4. The ‘Pause’ myth: He stated that there has been “no recorded warming over the last 15-17 years”, a myth promoted by climate-change deniers.  He cited the latest IPCC report as agreeing with him, but the IPCC report was actually very clear on this: 90% of warmth is being absorbed by the world’s oceans, and Sir Brian Hoskins tried to spell this out.
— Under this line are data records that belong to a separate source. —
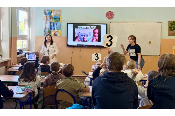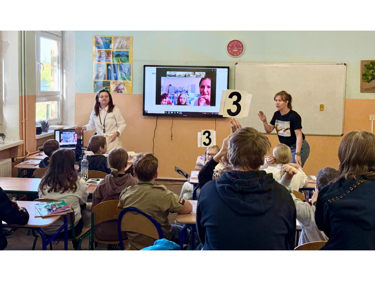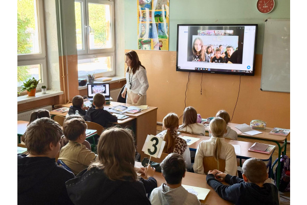 To jednak nie koniec językowych przygód! Nasza szkoła bierze udział w międzynarodowym projekcie eTwinning pt. „Voices Across Borders”, dzięki któremu uczniowie mieli okazję uczestniczyć w spotkaniu online z rówieśnikami z innych krajów -rozmawiali po angielsku i uczyli się od siebie nawzajem. To była niesamowita lekcja praktycznego języka i współpracy!
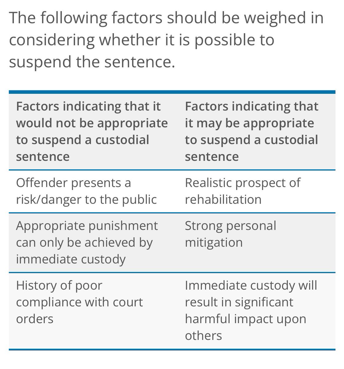 Any prison sentence of 2 years or less can be suspended. Under what circumstances? Yep, another Guideline I’m afraid, setting out factors for a court to consider.
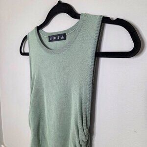LIONESS Solid Green Military Minds Tanks Ruched Dress
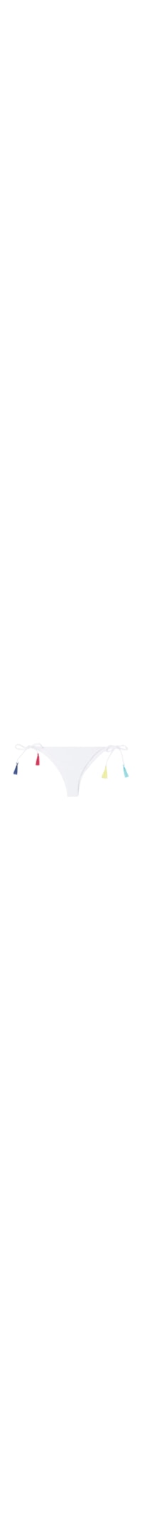 Calcinha de biquíni brasileira com laços finos de apertar no quadril, que permitem ajustar a peça. O tecido em microfibra macia é adornado com barras em cor contrastante. Completamente forrada e com costuras invisíveis, pensadas para não marcar a figura. Parte de trás com costura central para um melhor ajuste.
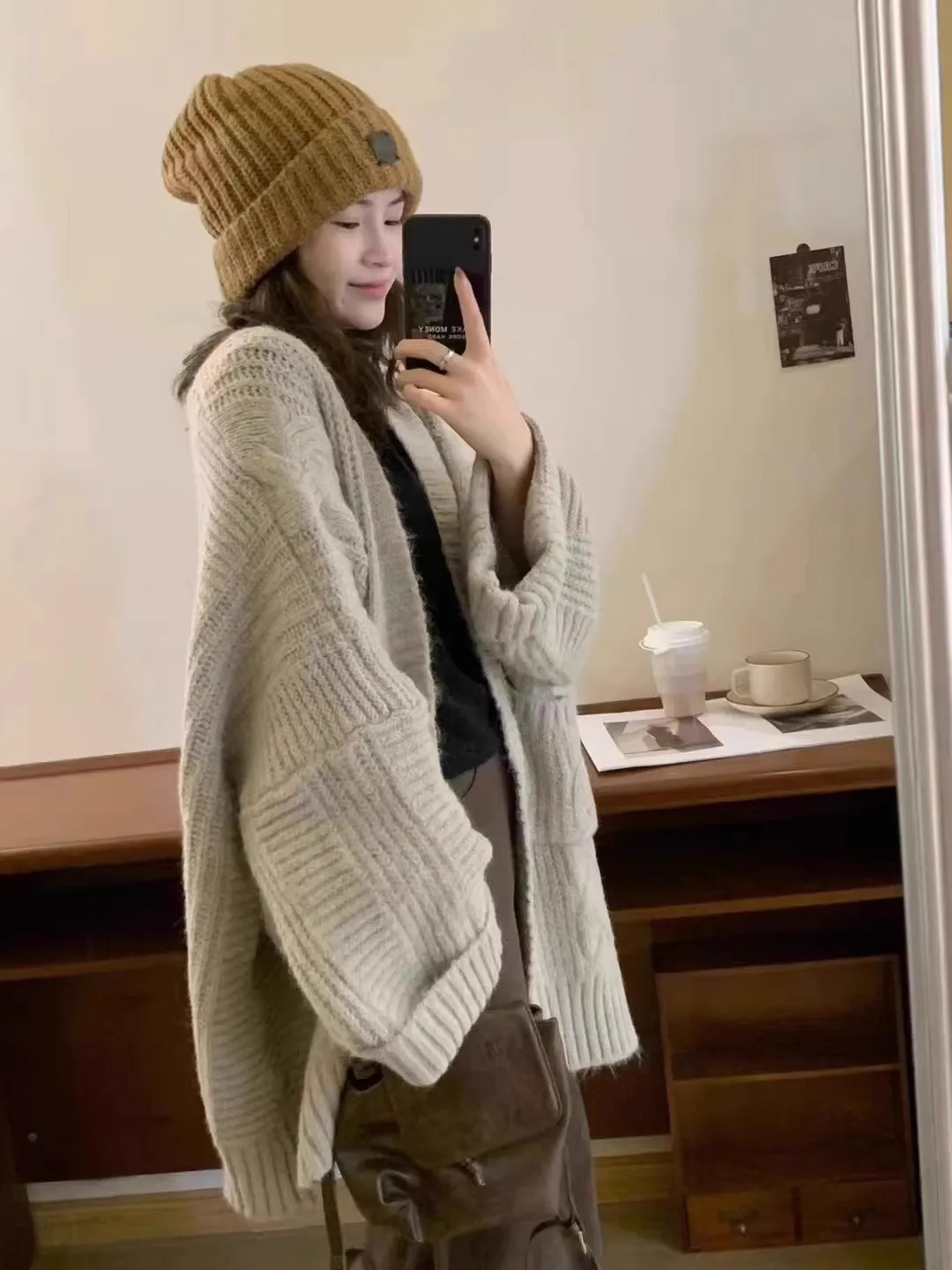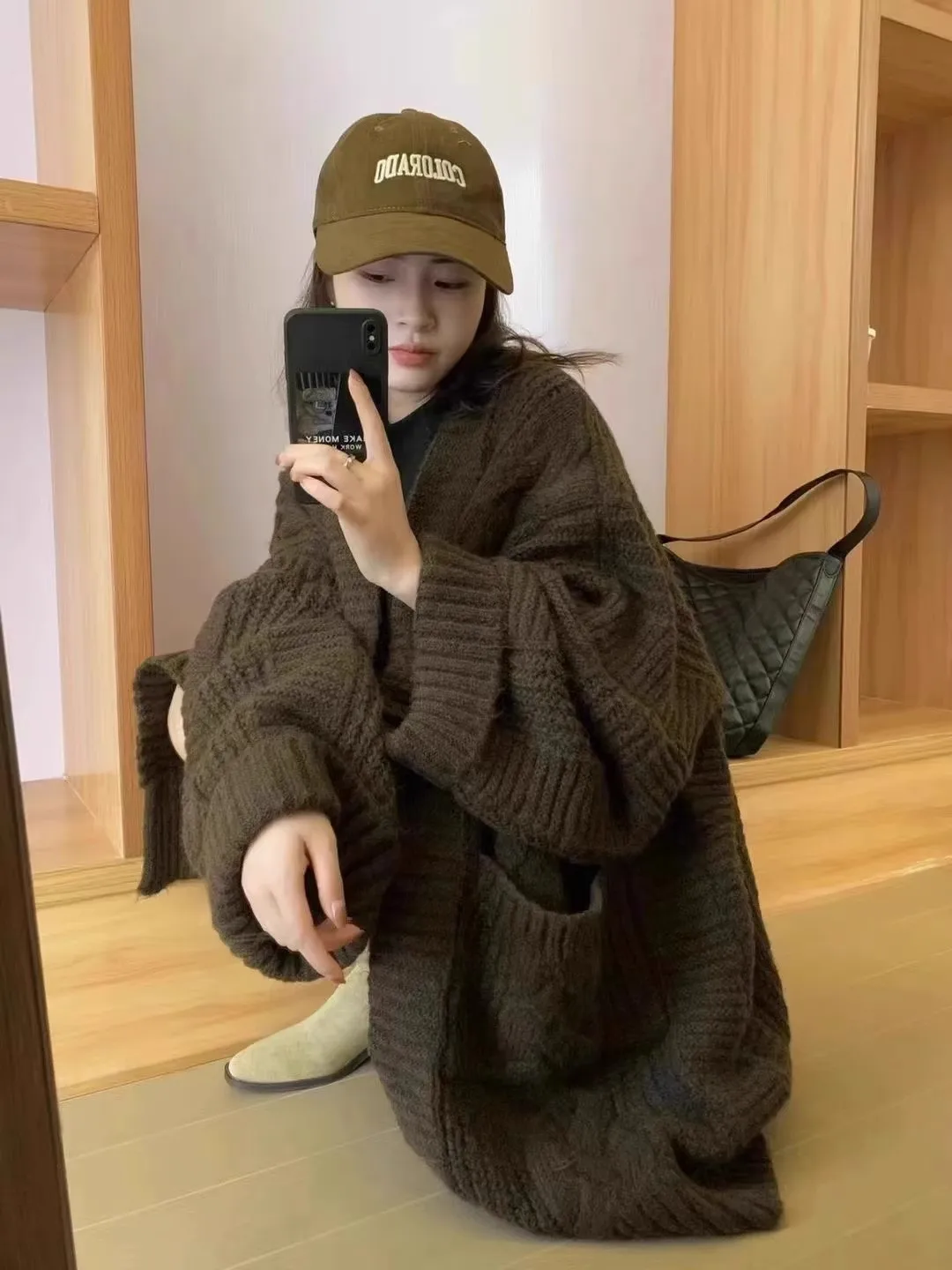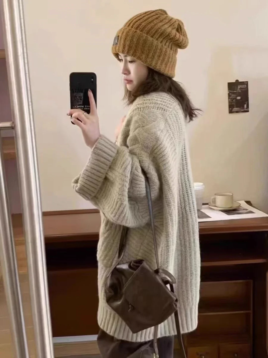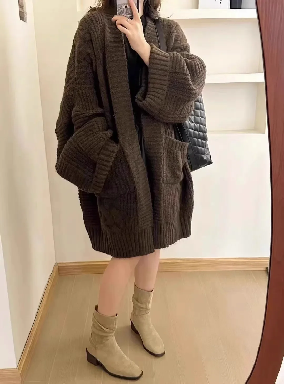 New Loose Women's Knitted Cardigan Casual Solid Color Sweater Medium Length Thick Elegant Loose Coat with Pockets
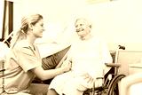 Altenpflegerin betreut Senior Frau im Rollstuhl
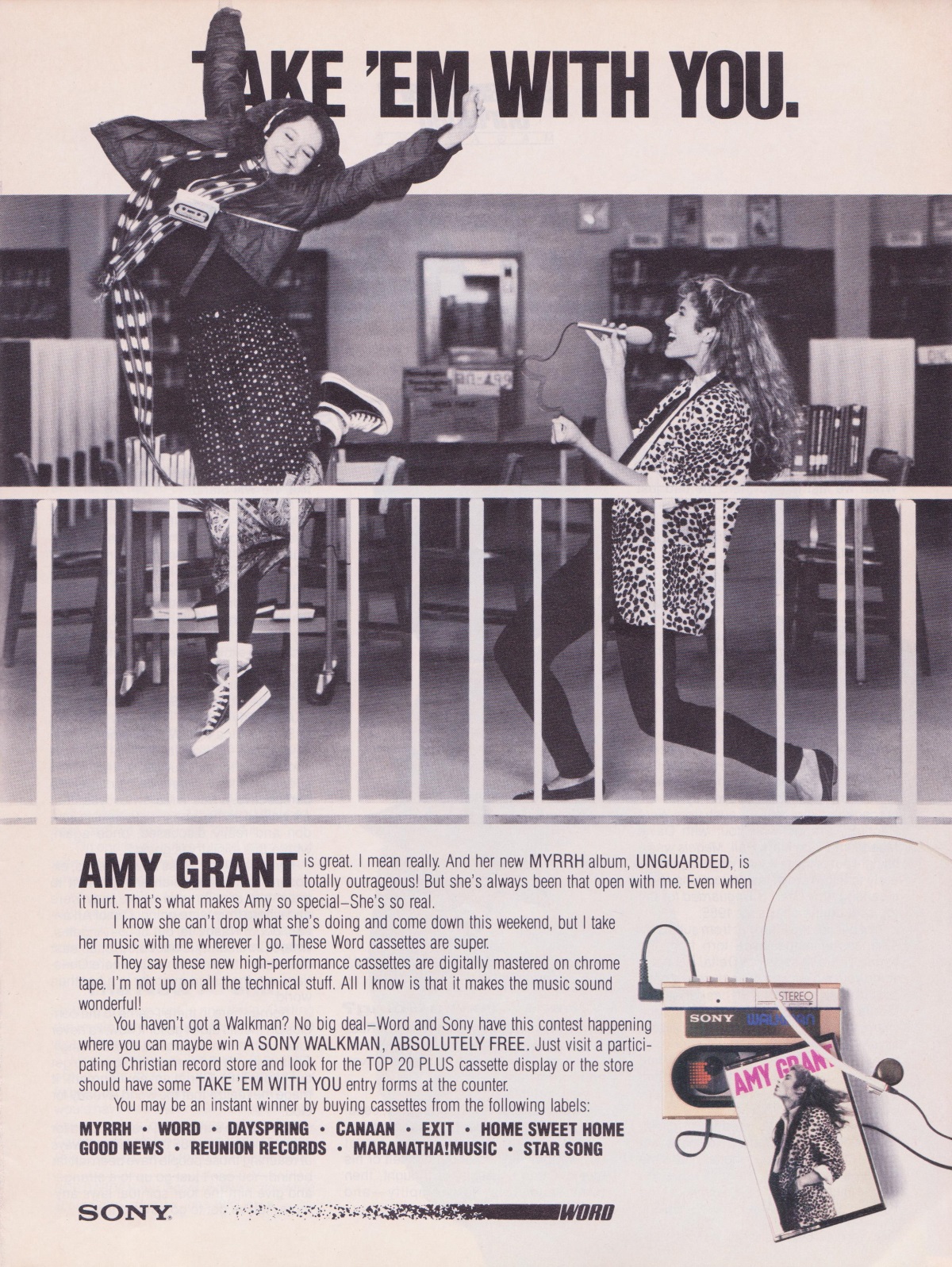 A full-page advertisement for Sony Walkman – featuring Word signed artist Amy Grant’s Unguarded – was featured in the July 1985 issue of CCM Magazine.A full-page advertisement for Sony Walkman – featuring Word signed artist Amy Grant’s Unguarded – was featured in the July 1985 issue of CCM Magazine.
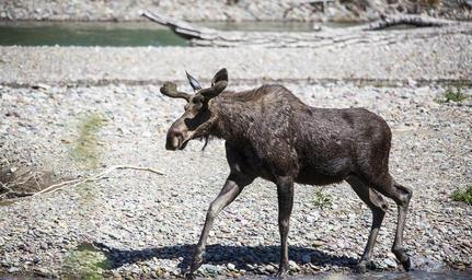 Keywords: bull moose young wildlife nature male antlers wilderness river bank walking portrait outdoors juvenile rocks
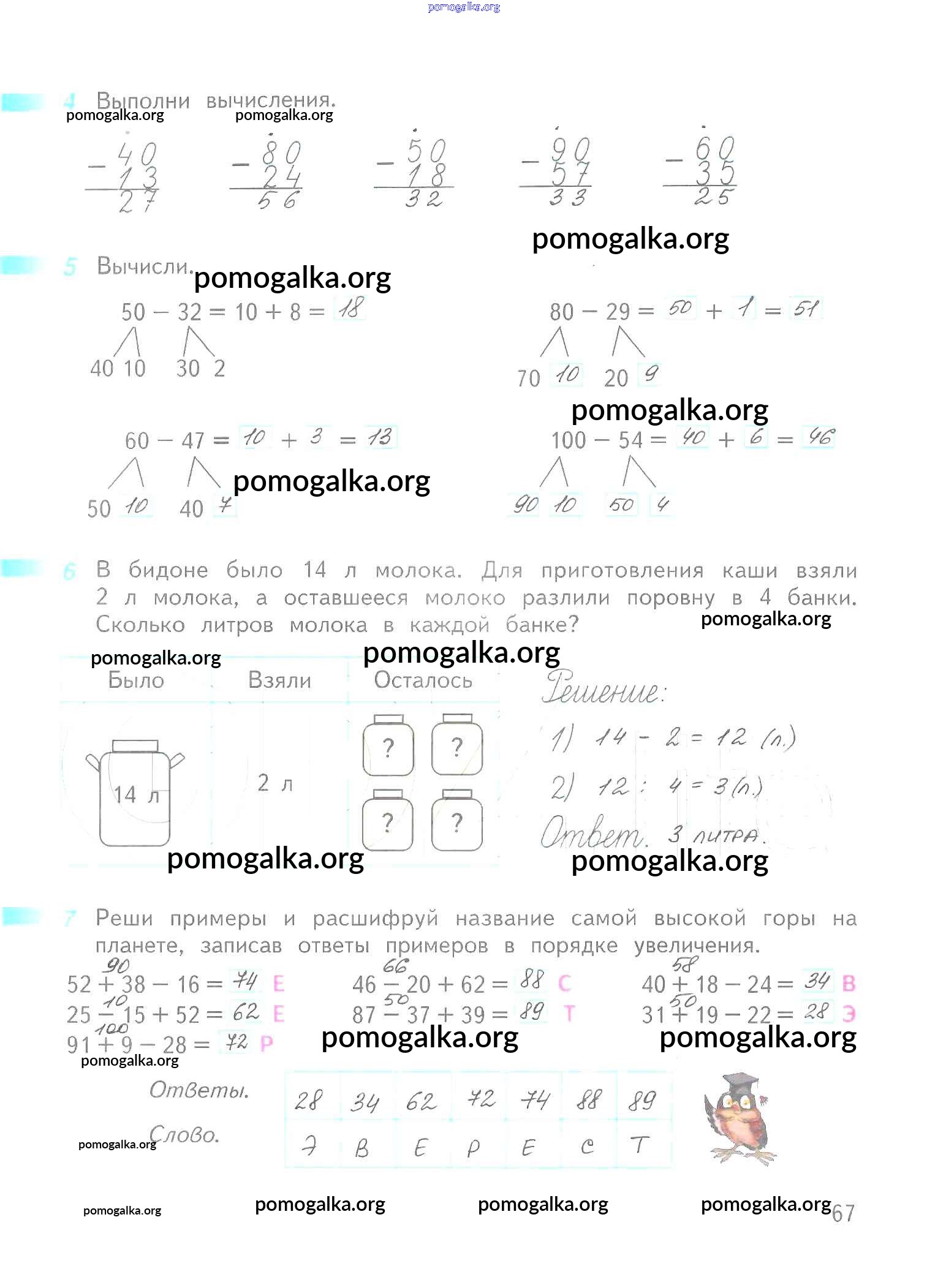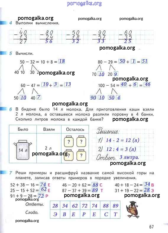 Готовые ответы - Математика 2 класс рабочая тетрадь Дорофеев Г.В. - часть 2. страница 67

Lord Lawson would not listen to him and your interviewer let him get away with his dismissal.  In fact, the temperature of the world’s oceans is rising sharply as they absorb the equivalent of, according to Skeptical Science, 12 Hiroshima bombs per second, with impacts on sea level, marine life and the oceans’ acidity levels, which are at their highest for over 300 million years.  

5. Unrealistic impartiality: you do not give airtime to holocaust deniers. Your own website says that ‘Deniers dismiss all assertions that the Holocaust took place as conscious fabrications, or as psychotic delusions’ – about on a par with the dismissal of scientific method and a huge mass of evidence about climate change. You (rightly) actively promote mass vaccination rather than give a ‘balanced’ platform to those who jeopardise children’s health. Impartiality is not itself an unbiased position, as you well know. 

ImageI usually enjoy the Today Programme, but yesterday I could have hurled my radio from the window into the swollen river outside my door.  There is no need for “balance” in pieces about climate change. The BBC has a duty to reflect reality, rather than allowing dinosaurs like Lord Lawson to fill the airwaves with unscientific and deeply-irresponsible views. Instead, more of Sir Brian and those like him, who know what they are talking about and present their position with honour and evidence.